We’ve perhaps become too cavalier in tossing around the word “shattering”, but there is simply no other word for the physical effect of Jessie Buckley’s theater-piercing wail of despair or Paul Mescal’s transmutation of unceasing waves of grief in the wake of a death of a beloved boy. With extraordinary dexterity, Chloe Zhao divines the alchemical power of art to stretch across an unknowable gulf, hinting at something tremulous and meaningful on the other side of impossible sadness.

Courtesy of Focus Features

Pillion

Who could have possibly guessed that the squirmiest elements of watching a meek all-grown-up Dudley Dursley (Harry Melling) inadvertently stumble his way into a submissive arrangement with a godlike motorcycle dom played by Alexander Skarsgård (styled alternately like a superhero biker and a hot daddy) — would be the amount of holiday barbershop quartet singing?

Both are canonically Christmas Movies, but this sweet-natured BDSM coming-of-age story of self discovery isn’t your mother’s Babygirl. And by this I mean it’s surprisingly cute, but not nearly as daring in its investigation of sexual dynamics. This is an admittedly odd thing to say about a movie that features back alley blowjobs and a summer camping smorgasbord unlike any you’ve ever seen outside of adult websites, let alone in any other rom-com.

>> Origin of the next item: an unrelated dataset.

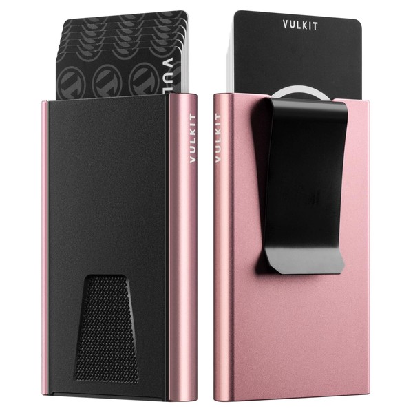 VULKIT Slim Card Wallet with Money Clip, Aluminum POP UP Credit Card Holder RFID Blocking, Pink

Melling’s transformation from awkward to confident submissive under the withholding tutelage of Skarsgård’s leather bootheels makes for a potent and unlikely journey of discovery. Harry Lighton directs it in a way that it is both transgressive in its depictions of kink yet relatively gentle in its worldview of the people who participate. Taken together, this frank juxtaposition combines into some kind of miracle that delivers a surprisingly warm and fuzzy depiction of dominance and submission that’s incredibly suitable to a general audience.